A major strength of our study is the longitudinal design of both cohorts with up to 16 assessments in one of these. Longitudinal studies offer information on determinants of interindividual differences in the development of obesity over time. These two cohorts thus allowed us to investigate the influence of common genetic variants in growth curve modeling to obtain better insight into the development of obesity from childhood into adulthood. Longitudinal designs have superior power to detect genetic effects on the trait levels compared to cross-sectional studies, because measurement of subjects at multiple time points provides much better precision in determining the phenotypes [
43,
44]. As such, longitudinal studies such as this one require a fraction of the sample size of cross-sectional studies to achieve the same power. Another strength is the involvement of AA as well as EA youth, and the investigation of a potential interaction of these common variants with ethnicity. Several limitations of our study need to be mentioned as well. In these two studies, we used BMI and skinfolds as measures of general adiposity and waist circumference as a measure of central adiposity, which are convenient and low cost measurements, while more accurate measurements of percent body fat for general adiposity and visceral adipose tissue for visceral adiposity were not available. In these two studies, sexual maturation was not assessed, thus it could not be incorporated as a covariate.

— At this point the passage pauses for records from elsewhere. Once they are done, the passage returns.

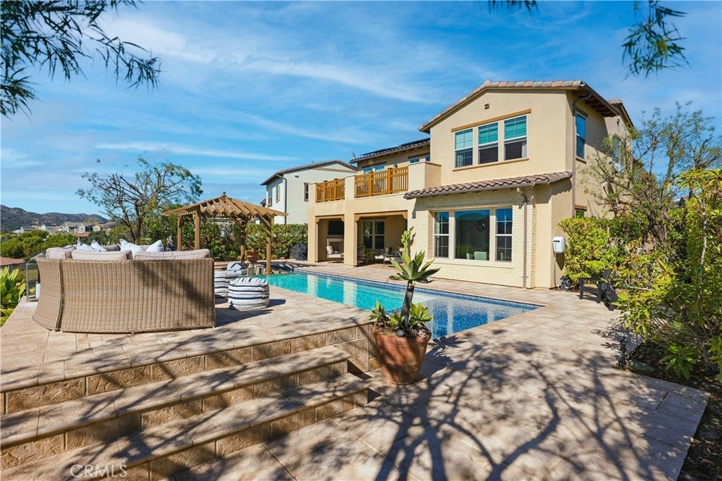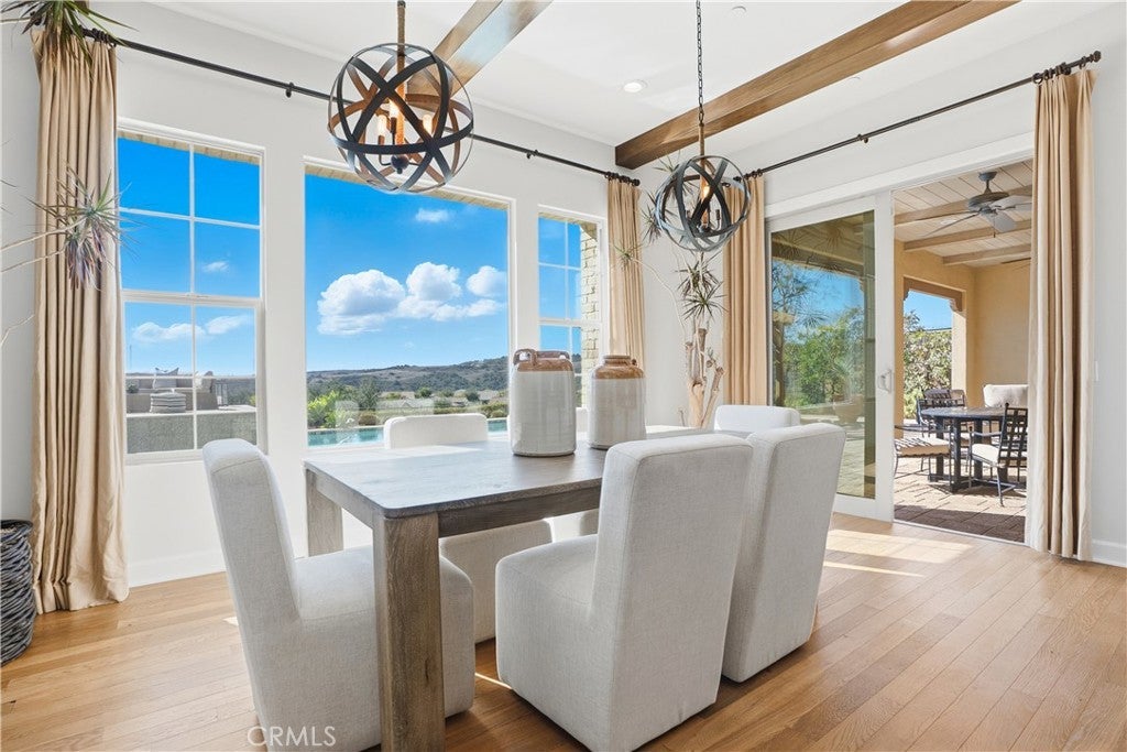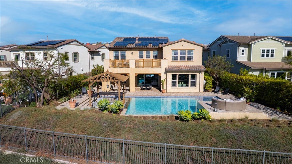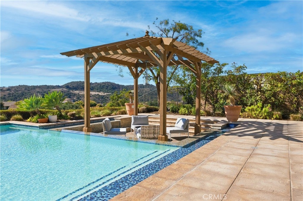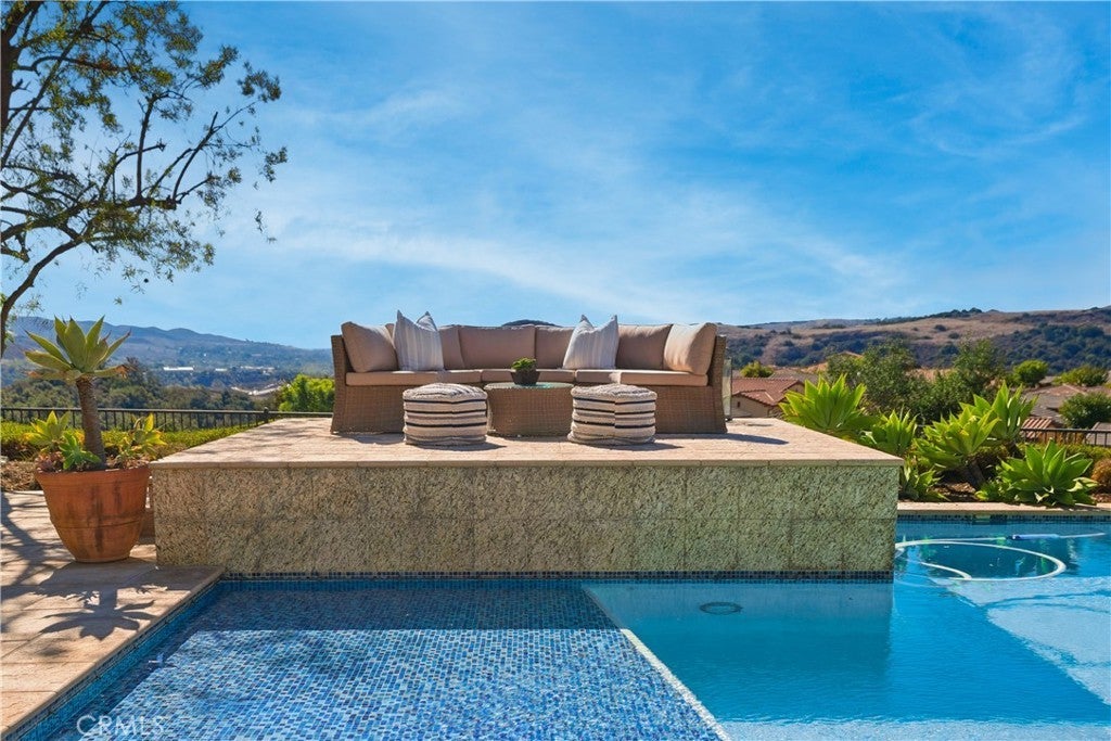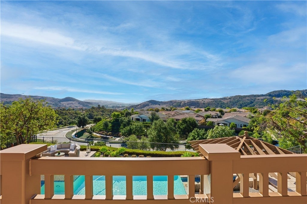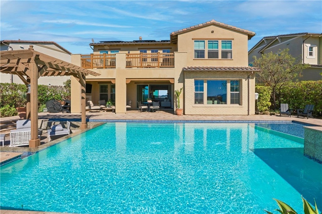 Looking for a pool VIEW home in Aubergine, right here in the award-winning community of Rancho Mission Viejo? This one’s a gem, tucked on one of the quietest view streets in RMV, where ocean breezes roll in every afternoon. It’s the kind of spot that reminds you why life in RMV feels like a staycation every day. This former MODEL HOME defines resort style living at its finest and is set on an 8,379 sq ft ideal lot. This professionally designed Adobe Ranch style model home showcases high-end craftsmanship and resort-style living in the heart of Rancho Mission Viejo. Featuring 4 bedrooms, 4.5 baths, a private office, and an upstairs loft, this residence blends sophistication with everyday comfort. Step inside to a grand entry with a sweeping iron staircase that sets the tone for elegance throughout. The chef’s kitchen impresses with a large kitchen island, walk-in pantry, custom maple shaker cabinetry, stainless steel appliances, upgraded quartz countertops, and a designer tile backsplash. The kitchen flows seamlessly into the spacious great room with fireplace and formal dining area, creating the perfect space for hosting and gathering. Upstairs, each bedroom features its own en-suite bath, while the primary suite offers a true retreat complete with a spa-inspired bath, expansive walk-in closet, and a private balcony overlooking ocean-facing sunsets toward Dana Point. Designed for the ultimate indoor-outdoor lifestyle, stacking glass doors open to an expansive California Room with fireplace and TV, extending to a private backyard oasis featuring a great size pool, sunken fire pit lounge, and panoramic quiet views. Every inch of this Tri Pointe model home is enhanced with designer upgrades, thoughtful details, and curated finishes offering a rare opportunity to own one of Rancho Mission Viejo’s most coveted showcase properties. The interior of the home was just painted as well as new carpet upstairs. Exclusive to Rancho Mission Viejo residents are all amenities in the Villages of Sendero, Esencia, Rienda, and future Villages. There are community amenities for all from breath-taking resort-style pools and spas, Esencia school K-8, community farms, fitness centers, guest house, putting green, bocce ball courts, tennis and pickle ball courts, playgrounds, coffee shop, fire pits, an arcade and so much more!
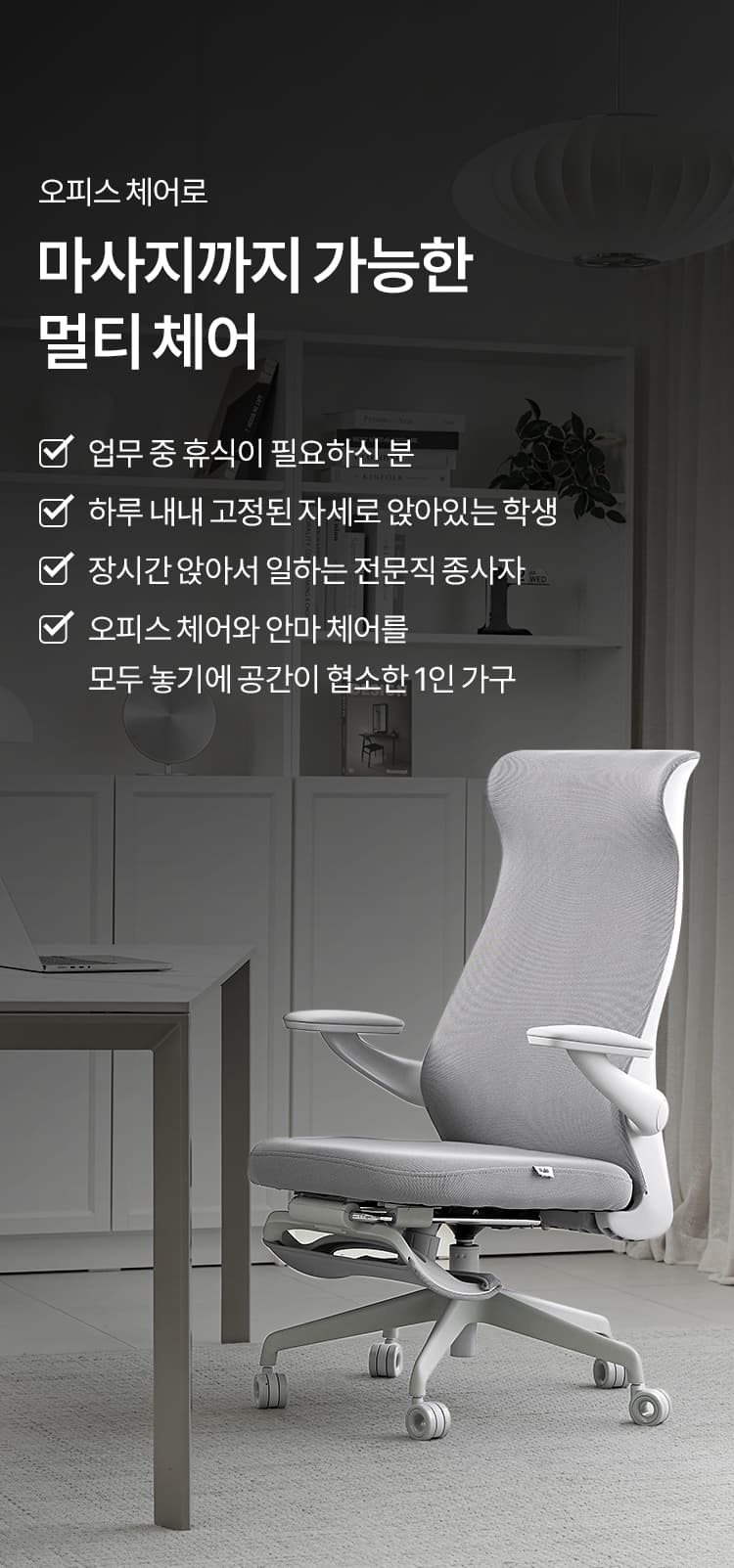 1. 💺 按摩功能办公椅 - 工作中舒缓疲劳,提供舒适按摩 2. 🛋️ 人体工学多功能椅 - 长时间坐姿依然舒适休息 3. 🎁 优惠价格与免费配送 - 灰色和黑色特价745,000韩元
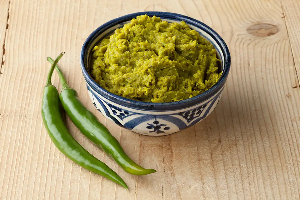 8. Finish with green chilies and a spoon of raw mustard for brightness
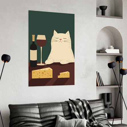 Un poster decorativ cu o ilustrație simpatică sau artistică ce surprinde o pisică relaxată lângă un pahar de vin și o farfurie cu brânzeturi fine. Este perfect pentru bucătărie, living sau colțul tău preferat de relaxare. Atmosfera pe care o transmite? Calm, umor fin și plăcerea lucrurilor simple.
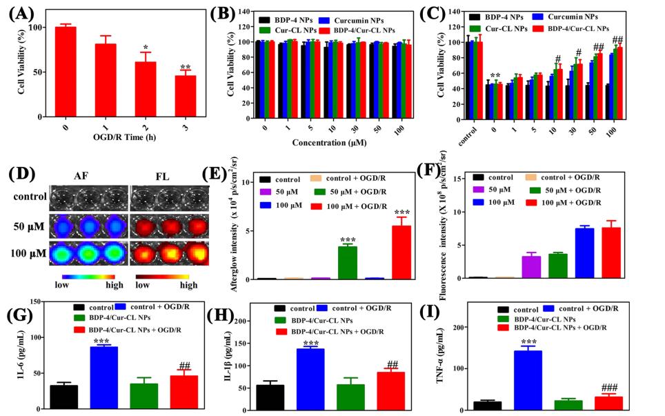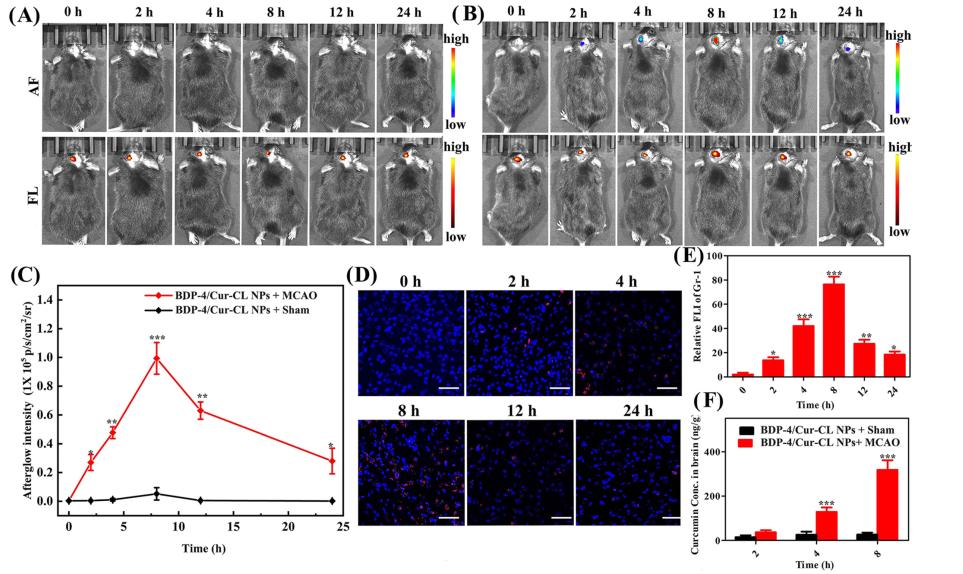 作者設(shè)計(jì)了由BDP-4和Cur-CL單元組成的ONOO−激活的近紅外余輝圖像引導(dǎo)納米顆粒(命名為BDP-4/Cur-CL NPs)。該系統(tǒng)可以特異性和敏感性地評估內(nèi)源性O(shè)NOO-水平,以揭示I/R腦損傷的進(jìn)展,并動態(tài)監(jiān)測姜黃素的釋放,以進(jìn)行安全的IS治療。BDP-4/Cur-CL NPs表現(xiàn)出明亮的NIR余輝發(fā)光(*大增加732倍)、高靈敏度(檢測極限,LOD=82.67nM)、高能量轉(zhuǎn)移效率(94.6%)、深層組織穿透(20mm)以及突出的抗凋亡和抗炎作用。通過使用這種復(fù)雜的設(shè)計(jì),BDP-4/Cur-CL NPs在小鼠體內(nèi)I/R腦損傷的發(fā)生和發(fā)展過程中激活NIR余輝信號并提供三重功能:(i)準(zhǔn)確區(qū)分i/R損傷和正常區(qū)域;(ii)內(nèi)源性的實(shí)時(shí)報(bào)告病變區(qū)域的ONOO−水平;(iii)動態(tài)姜黃素釋放狀態(tài)的監(jiān)測。此外BDP-4/Cur-CL NPs有效降低細(xì)胞凋亡,增強(qiáng)存活率,減輕神經(jīng)炎癥,減少梗死體積和增強(qiáng)的卒中結(jié)果。
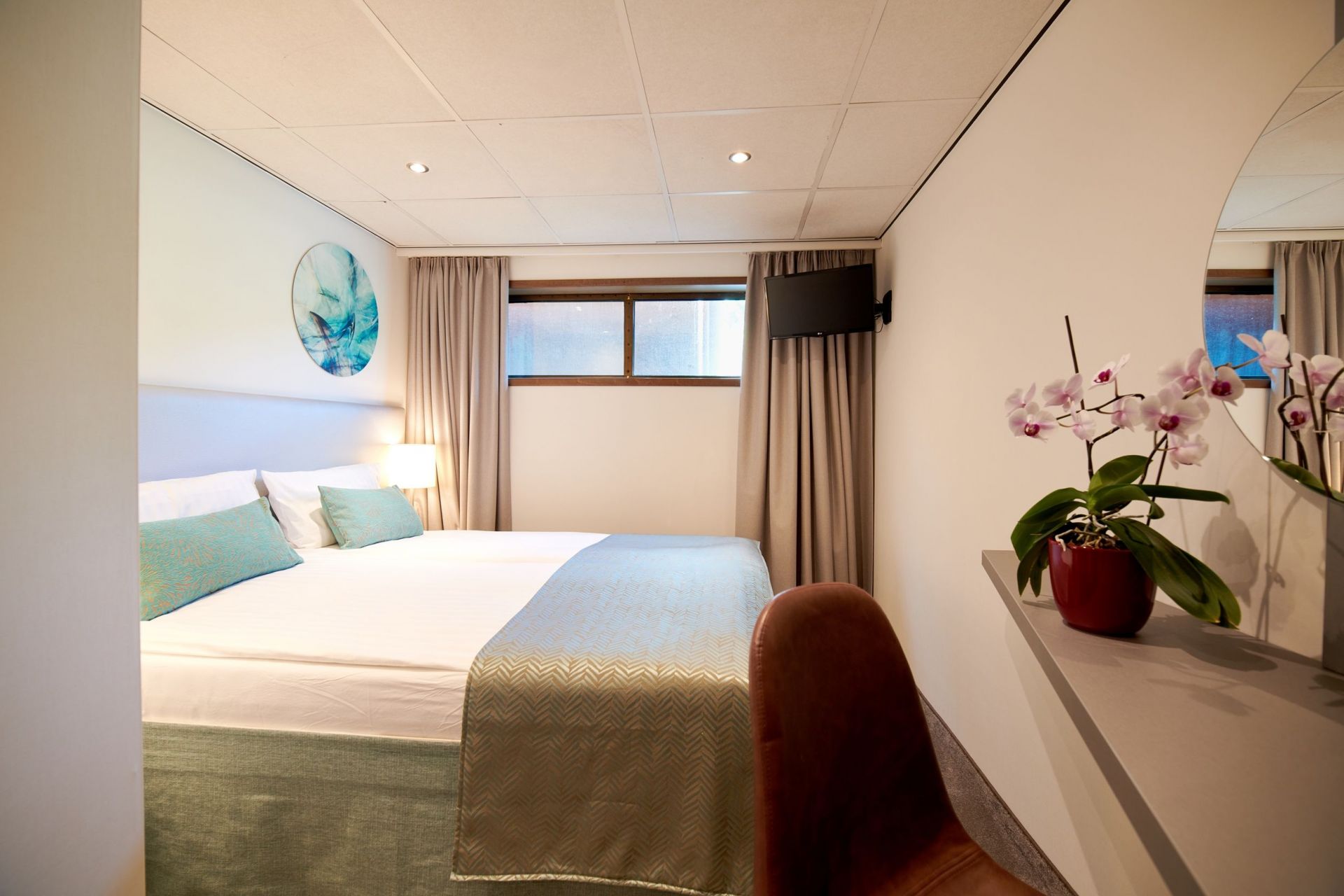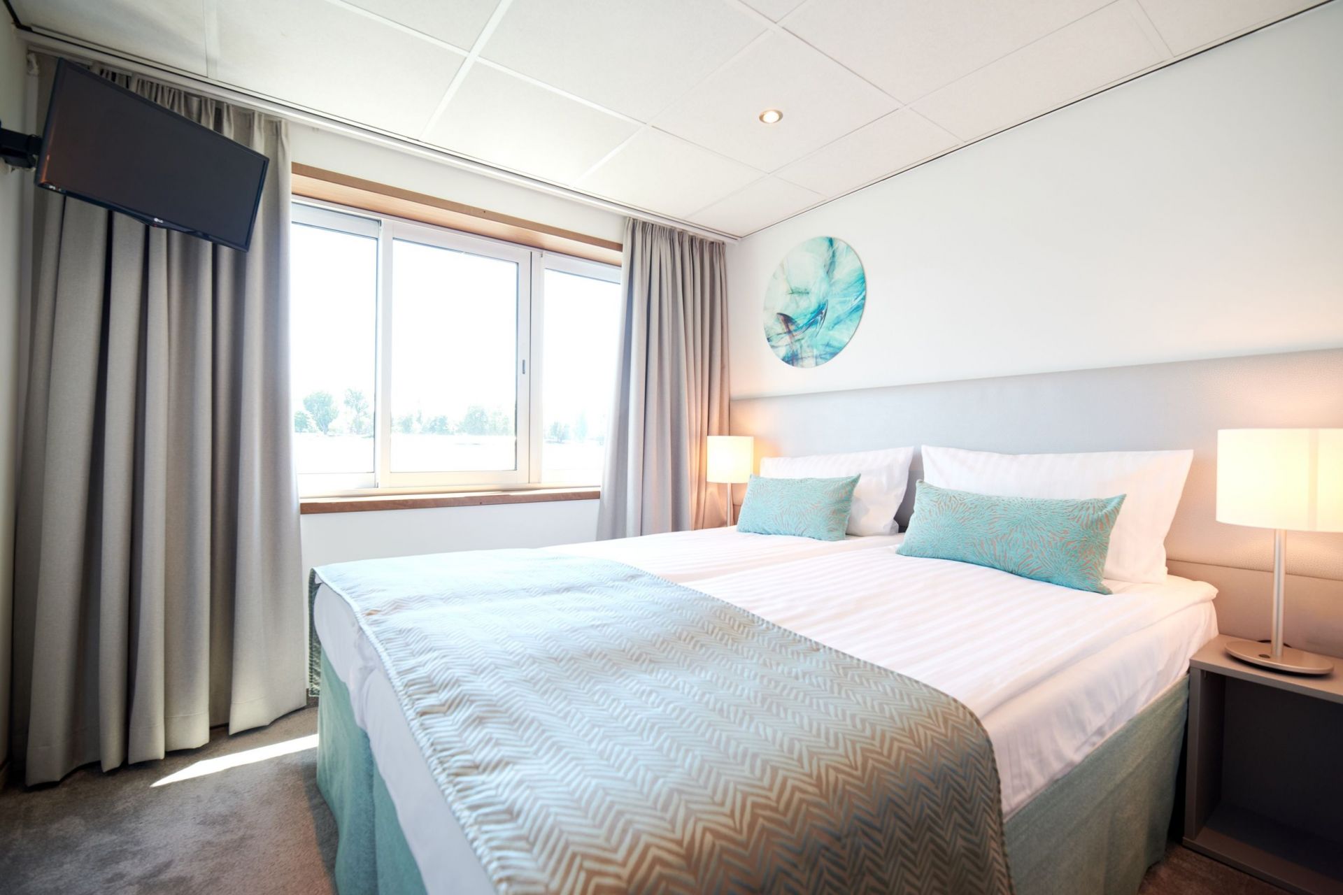 Каютите на средната палуба имат панорамни прозорци, които се отварят.

In summary, in two longitudinal studies of EA and AA youth, we replicated the effect of FTO and common variants near MC4R on general and central adiposity. These effects were similar for EAs and AAs. Furthermore, these common variants did not affect the slope of adiposity development from childhood to adulthood with one exception. Common variants for obesity identified in genome-wide association studies have detectable but modest effects on growth curves for adiposity in African– and European–American youth.